*Task*. Instruction for the data below: set down exactly the lines from the line with "Serveer de pasta" to the line with "Pájaros acuáticos modernos", inclusive, and no others.

___ Raw data

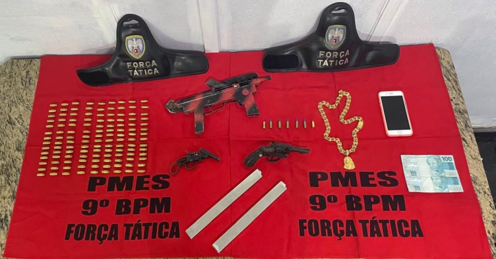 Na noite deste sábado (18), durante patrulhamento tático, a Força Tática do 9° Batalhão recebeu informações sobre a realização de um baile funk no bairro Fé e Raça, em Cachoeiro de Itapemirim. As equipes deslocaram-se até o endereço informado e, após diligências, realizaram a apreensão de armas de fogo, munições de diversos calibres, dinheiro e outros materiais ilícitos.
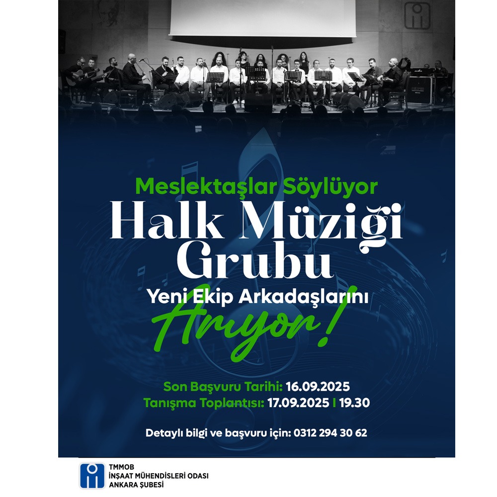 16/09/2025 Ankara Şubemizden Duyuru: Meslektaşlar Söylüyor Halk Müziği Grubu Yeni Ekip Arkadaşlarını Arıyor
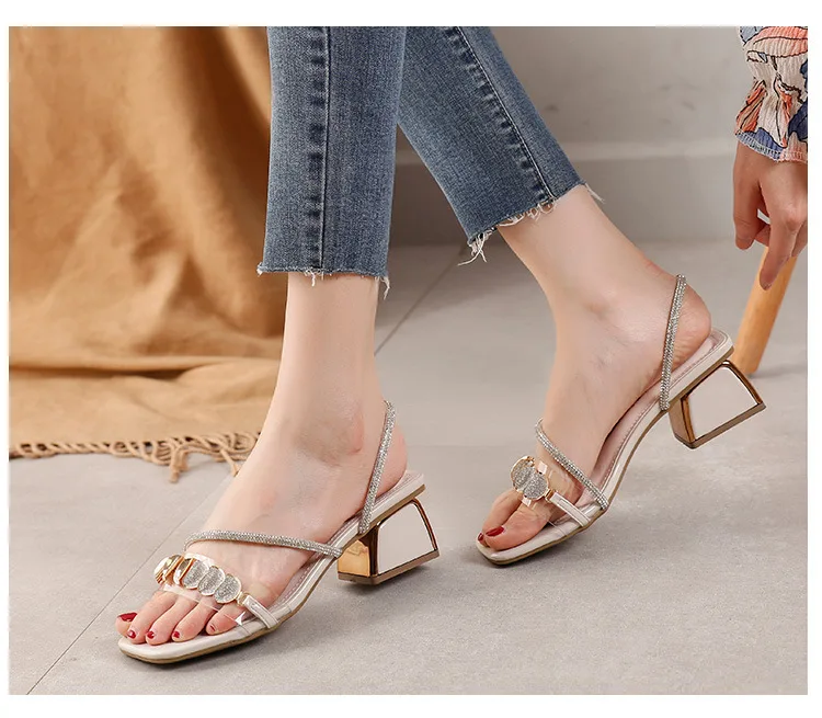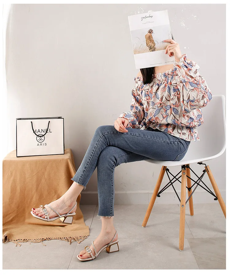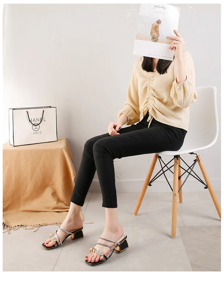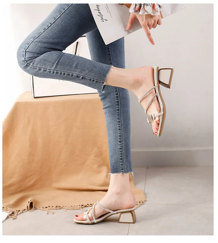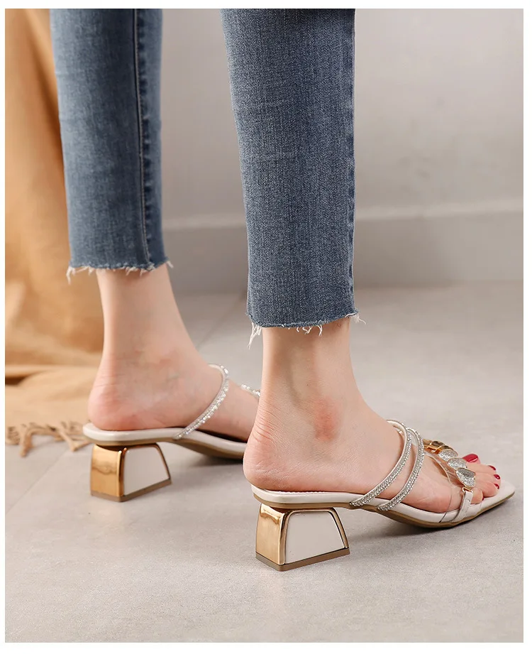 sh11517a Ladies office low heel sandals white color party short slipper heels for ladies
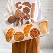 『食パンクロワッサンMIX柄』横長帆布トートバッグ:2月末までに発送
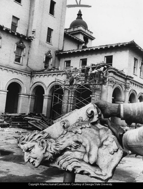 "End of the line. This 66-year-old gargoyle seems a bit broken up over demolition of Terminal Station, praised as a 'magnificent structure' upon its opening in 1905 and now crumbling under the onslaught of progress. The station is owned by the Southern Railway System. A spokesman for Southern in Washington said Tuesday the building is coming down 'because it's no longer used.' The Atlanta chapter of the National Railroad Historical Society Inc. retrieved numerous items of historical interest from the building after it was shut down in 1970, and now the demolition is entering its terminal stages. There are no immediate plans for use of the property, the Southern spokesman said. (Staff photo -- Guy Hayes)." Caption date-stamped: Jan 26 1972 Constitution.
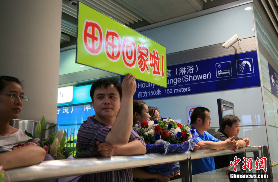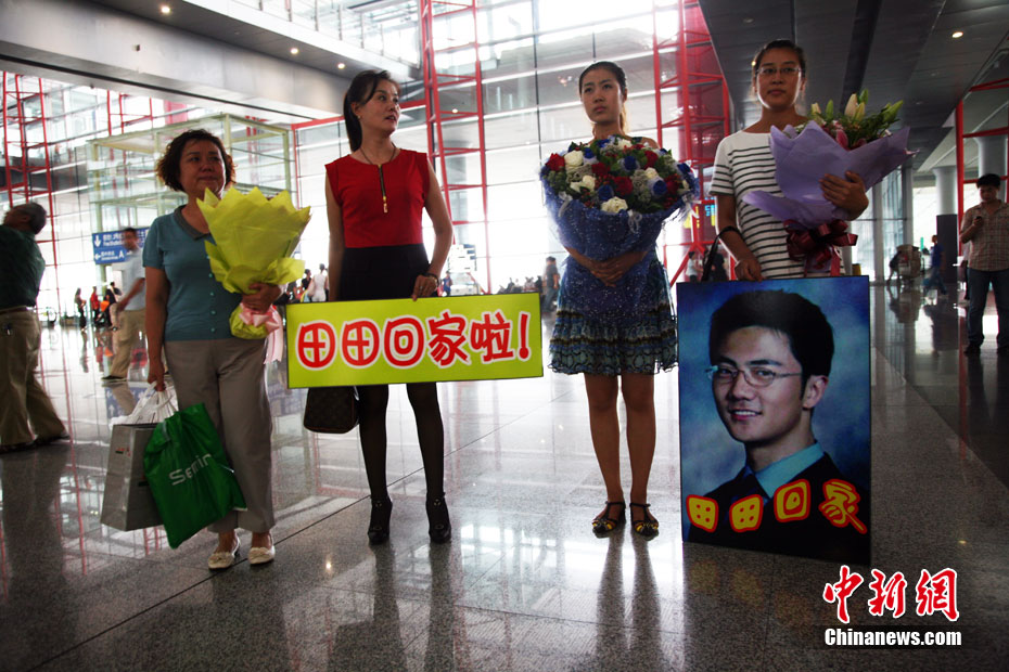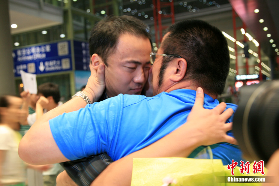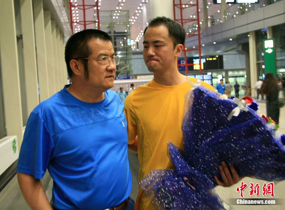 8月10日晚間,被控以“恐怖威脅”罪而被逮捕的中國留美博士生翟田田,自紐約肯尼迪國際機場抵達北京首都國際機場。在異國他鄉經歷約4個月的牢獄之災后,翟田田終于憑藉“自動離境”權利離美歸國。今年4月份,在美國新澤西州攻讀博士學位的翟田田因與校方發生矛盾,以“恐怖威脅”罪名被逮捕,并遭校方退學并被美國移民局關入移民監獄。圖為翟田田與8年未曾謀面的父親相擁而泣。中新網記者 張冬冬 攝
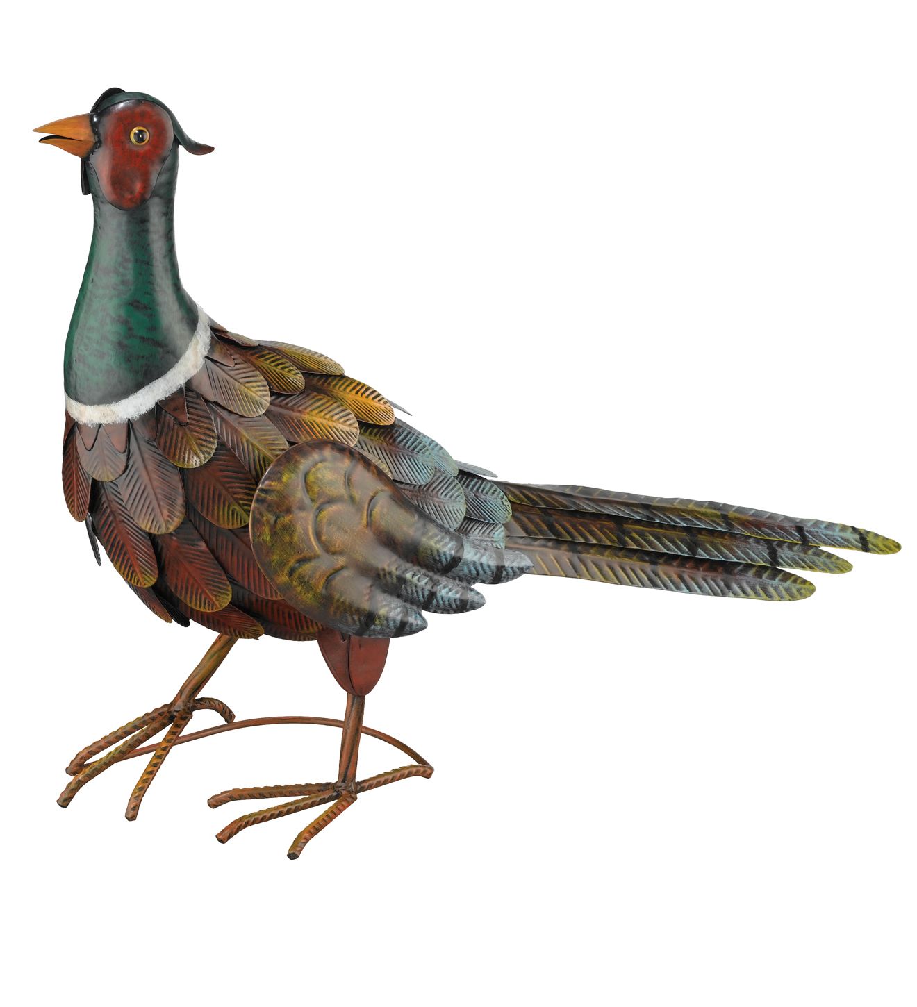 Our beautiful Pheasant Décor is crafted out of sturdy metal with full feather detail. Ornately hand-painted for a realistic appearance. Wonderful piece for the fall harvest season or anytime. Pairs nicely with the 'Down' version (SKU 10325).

______
___ Raw data

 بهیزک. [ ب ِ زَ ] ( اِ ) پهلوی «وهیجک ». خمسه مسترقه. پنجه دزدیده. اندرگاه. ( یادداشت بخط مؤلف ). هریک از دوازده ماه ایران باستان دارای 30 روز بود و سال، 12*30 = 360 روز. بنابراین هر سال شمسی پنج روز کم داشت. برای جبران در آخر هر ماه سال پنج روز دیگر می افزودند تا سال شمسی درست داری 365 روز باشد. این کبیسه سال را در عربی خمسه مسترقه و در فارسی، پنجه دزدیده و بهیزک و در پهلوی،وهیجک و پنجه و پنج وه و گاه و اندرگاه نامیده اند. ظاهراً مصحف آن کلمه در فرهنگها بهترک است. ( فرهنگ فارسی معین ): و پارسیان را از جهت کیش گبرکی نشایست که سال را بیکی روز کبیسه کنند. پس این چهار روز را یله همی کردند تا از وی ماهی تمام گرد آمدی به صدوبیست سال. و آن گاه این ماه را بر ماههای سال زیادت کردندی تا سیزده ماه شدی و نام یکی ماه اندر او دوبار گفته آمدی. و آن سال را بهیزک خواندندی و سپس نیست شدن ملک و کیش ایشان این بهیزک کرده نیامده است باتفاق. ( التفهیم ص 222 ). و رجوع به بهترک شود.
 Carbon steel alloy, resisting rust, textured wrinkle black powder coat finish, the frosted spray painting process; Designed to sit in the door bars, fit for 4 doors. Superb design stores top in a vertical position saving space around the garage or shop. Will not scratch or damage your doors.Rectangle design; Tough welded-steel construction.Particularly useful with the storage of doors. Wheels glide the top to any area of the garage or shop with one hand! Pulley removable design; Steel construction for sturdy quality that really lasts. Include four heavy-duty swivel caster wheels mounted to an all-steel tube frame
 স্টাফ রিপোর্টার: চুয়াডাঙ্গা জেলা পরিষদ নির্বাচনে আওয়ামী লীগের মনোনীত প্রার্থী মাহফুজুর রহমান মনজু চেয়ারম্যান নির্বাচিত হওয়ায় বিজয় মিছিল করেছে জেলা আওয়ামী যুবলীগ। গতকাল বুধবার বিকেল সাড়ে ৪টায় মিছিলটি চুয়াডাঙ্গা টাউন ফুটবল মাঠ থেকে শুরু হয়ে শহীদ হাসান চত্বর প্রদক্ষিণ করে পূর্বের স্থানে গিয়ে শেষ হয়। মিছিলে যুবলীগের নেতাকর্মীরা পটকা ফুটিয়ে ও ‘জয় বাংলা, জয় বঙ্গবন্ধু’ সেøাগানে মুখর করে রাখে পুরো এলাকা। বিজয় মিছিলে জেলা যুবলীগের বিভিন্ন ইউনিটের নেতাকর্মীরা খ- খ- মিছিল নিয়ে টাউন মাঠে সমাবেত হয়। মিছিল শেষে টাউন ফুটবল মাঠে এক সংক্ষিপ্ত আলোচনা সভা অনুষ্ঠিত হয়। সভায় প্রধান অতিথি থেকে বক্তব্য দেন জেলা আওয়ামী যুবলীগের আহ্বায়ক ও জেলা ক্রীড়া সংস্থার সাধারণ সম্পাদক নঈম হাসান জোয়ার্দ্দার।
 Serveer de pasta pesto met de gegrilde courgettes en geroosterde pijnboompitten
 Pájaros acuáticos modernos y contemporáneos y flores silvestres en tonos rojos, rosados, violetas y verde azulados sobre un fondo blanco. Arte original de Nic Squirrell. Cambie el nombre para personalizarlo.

______
___ Raw data

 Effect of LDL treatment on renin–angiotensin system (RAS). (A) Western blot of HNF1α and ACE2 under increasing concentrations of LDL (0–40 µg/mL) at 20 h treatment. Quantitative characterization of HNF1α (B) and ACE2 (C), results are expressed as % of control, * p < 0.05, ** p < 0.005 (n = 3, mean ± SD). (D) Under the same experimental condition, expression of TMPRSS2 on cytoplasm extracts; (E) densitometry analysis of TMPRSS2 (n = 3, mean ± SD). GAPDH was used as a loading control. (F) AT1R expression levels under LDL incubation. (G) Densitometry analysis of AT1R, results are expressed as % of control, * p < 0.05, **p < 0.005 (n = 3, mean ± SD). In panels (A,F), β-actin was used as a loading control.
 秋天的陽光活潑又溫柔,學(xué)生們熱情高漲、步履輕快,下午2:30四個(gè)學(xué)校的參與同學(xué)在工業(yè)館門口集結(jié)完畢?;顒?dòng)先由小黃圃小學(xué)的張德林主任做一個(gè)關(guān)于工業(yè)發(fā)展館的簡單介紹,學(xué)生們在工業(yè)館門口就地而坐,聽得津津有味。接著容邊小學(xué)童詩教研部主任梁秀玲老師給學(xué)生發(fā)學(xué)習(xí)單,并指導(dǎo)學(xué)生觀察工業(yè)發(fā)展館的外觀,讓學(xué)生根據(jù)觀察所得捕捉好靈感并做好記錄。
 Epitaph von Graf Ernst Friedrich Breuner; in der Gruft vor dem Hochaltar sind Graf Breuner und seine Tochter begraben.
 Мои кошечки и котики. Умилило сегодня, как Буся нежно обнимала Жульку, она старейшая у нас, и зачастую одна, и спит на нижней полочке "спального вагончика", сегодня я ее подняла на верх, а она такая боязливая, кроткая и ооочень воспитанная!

______

*Result of this exercise*.
 Serveer de pasta pesto met de gegrilde courgettes en geroosterde pijnboompitten
 Pájaros acuáticos modernos y contemporáneos y flores silvestres en tonos rojos, rosados, violetas y verde azulados sobre un fondo blanco. Arte original de Nic Squirrell. Cambie el nombre para personalizarlo.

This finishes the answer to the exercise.